### [WHAT THE EXERCISE ASKS]
What you write must be the listing below in full, word for word, minus its pictures.

### [DATA SHOWN]

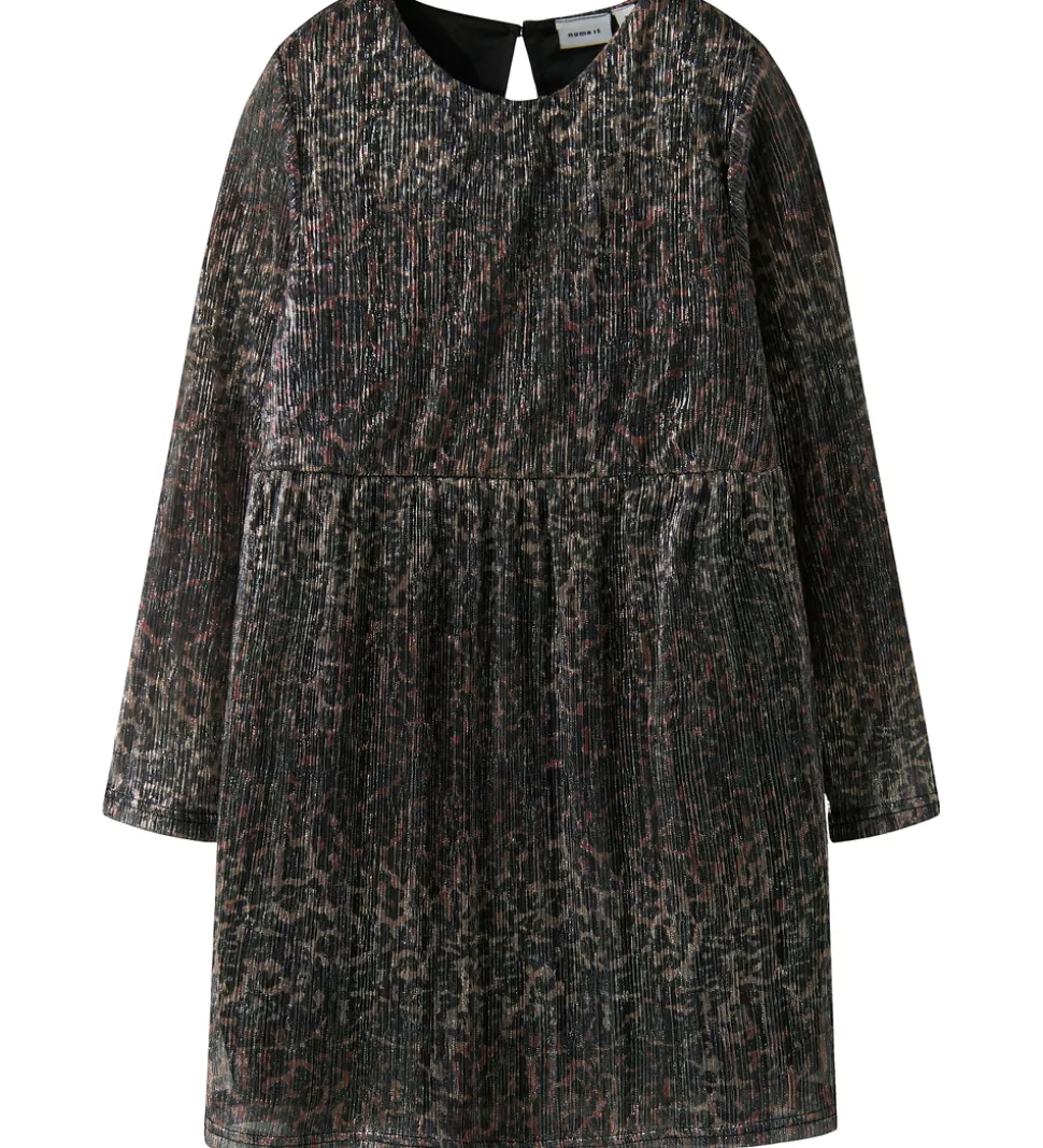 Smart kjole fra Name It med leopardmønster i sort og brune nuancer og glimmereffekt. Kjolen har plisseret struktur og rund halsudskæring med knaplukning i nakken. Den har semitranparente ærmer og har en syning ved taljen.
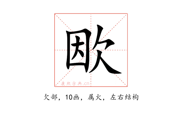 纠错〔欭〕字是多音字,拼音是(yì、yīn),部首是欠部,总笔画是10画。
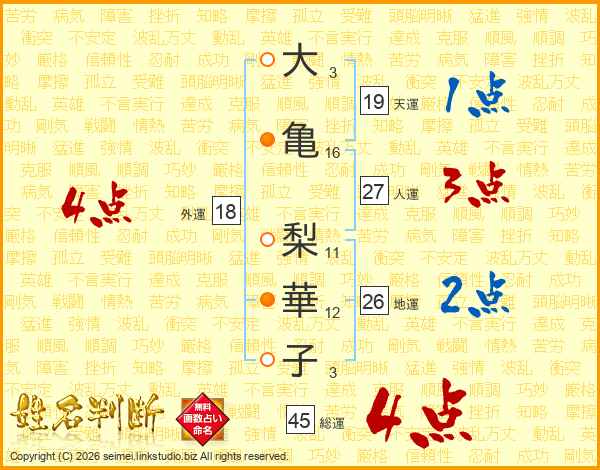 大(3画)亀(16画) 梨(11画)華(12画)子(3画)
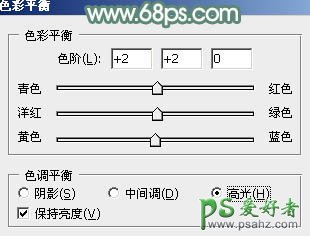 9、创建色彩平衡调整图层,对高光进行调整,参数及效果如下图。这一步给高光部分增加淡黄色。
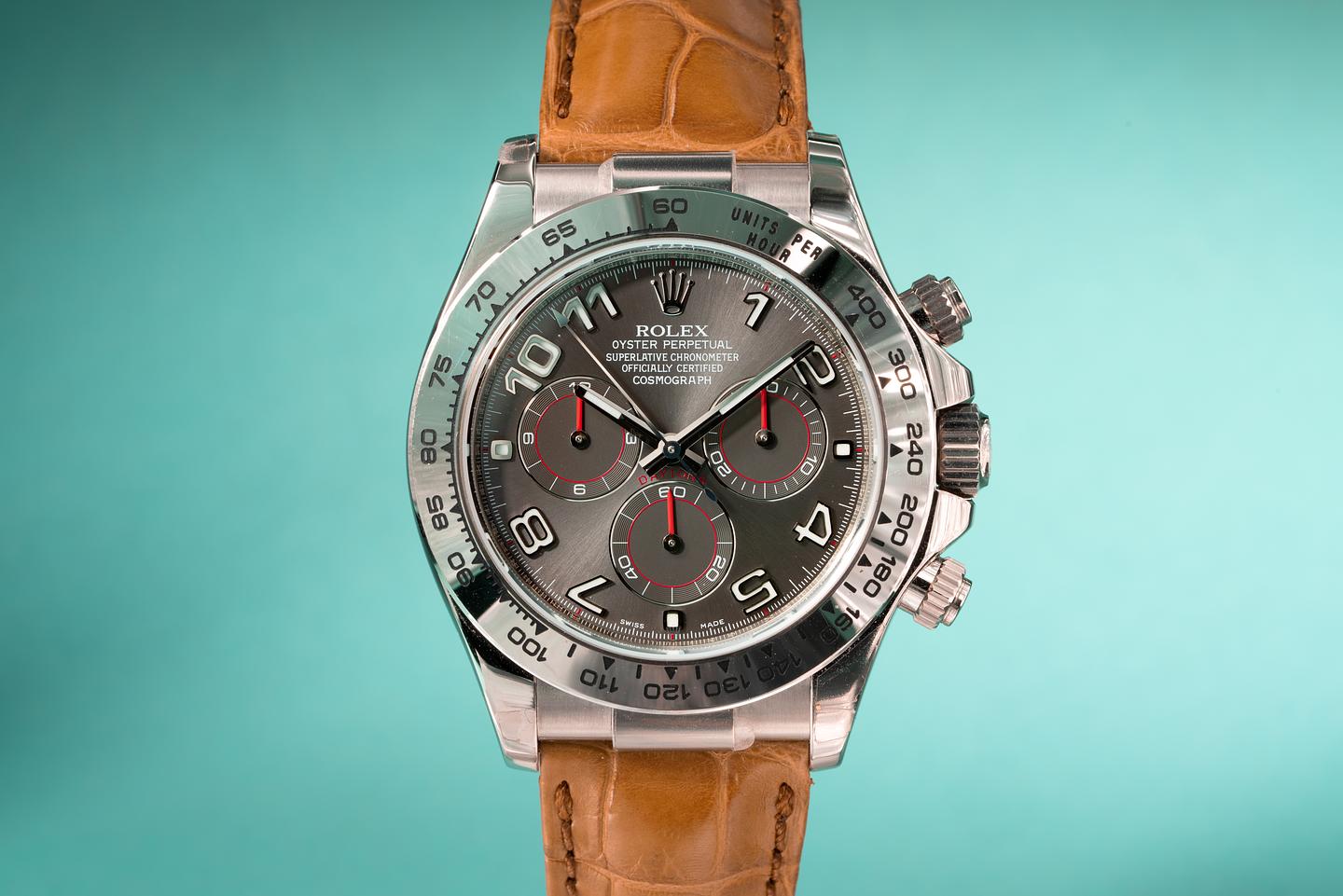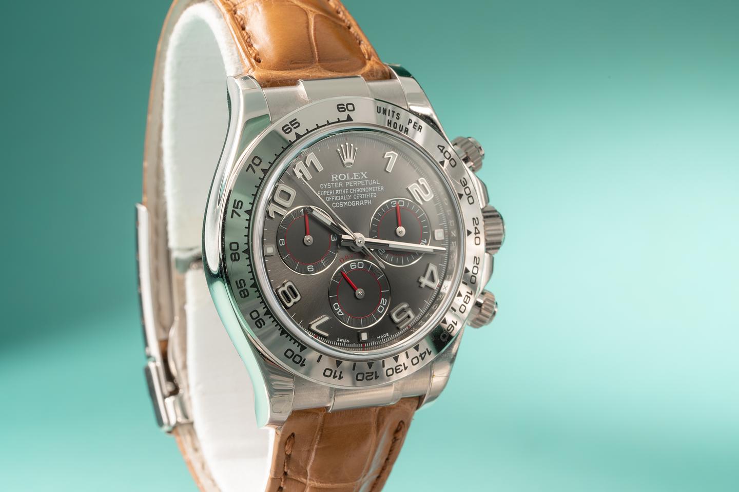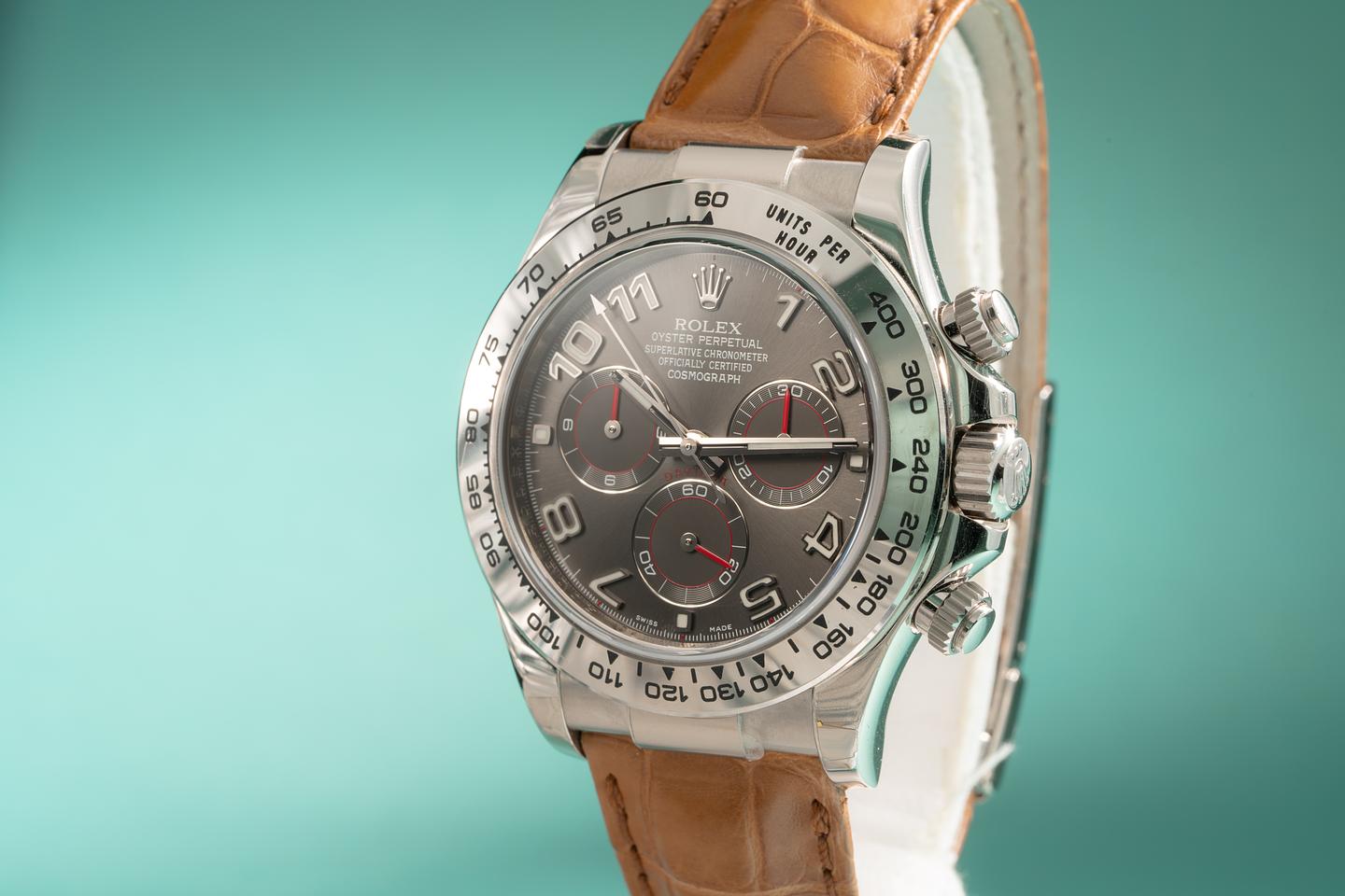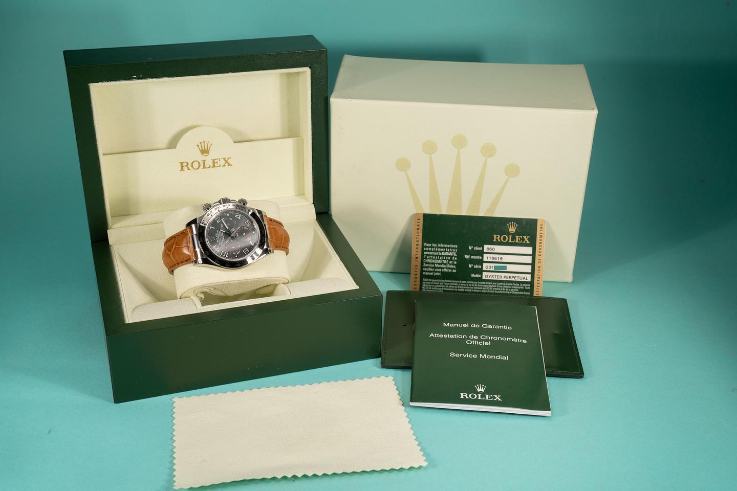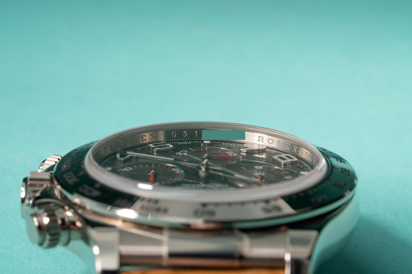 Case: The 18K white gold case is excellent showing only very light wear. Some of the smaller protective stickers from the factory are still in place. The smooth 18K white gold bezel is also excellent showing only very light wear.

### [TASK OUTPUT]
 Smart kjole fra Name It med leopardmønster i sort og brune nuancer og glimmereffekt. Kjolen har plisseret struktur og rund halsudskæring med knaplukning i nakken. Den har semitranparente ærmer og har en syning ved taljen.
 纠错〔欭〕字是多音字,拼音是(yì、yīn),部首是欠部,总笔画是10画。
 大(3画)亀(16画) 梨(11画)華(12画)子(3画)
 9、创建色彩平衡调整图层,对高光进行调整,参数及效果如下图。这一步给高光部分增加淡黄色。
 Case: The 18K white gold case is excellent showing only very light wear. Some of the smaller protective stickers from the factory are still in place. The smooth 18K white gold bezel is also excellent showing only very light wear.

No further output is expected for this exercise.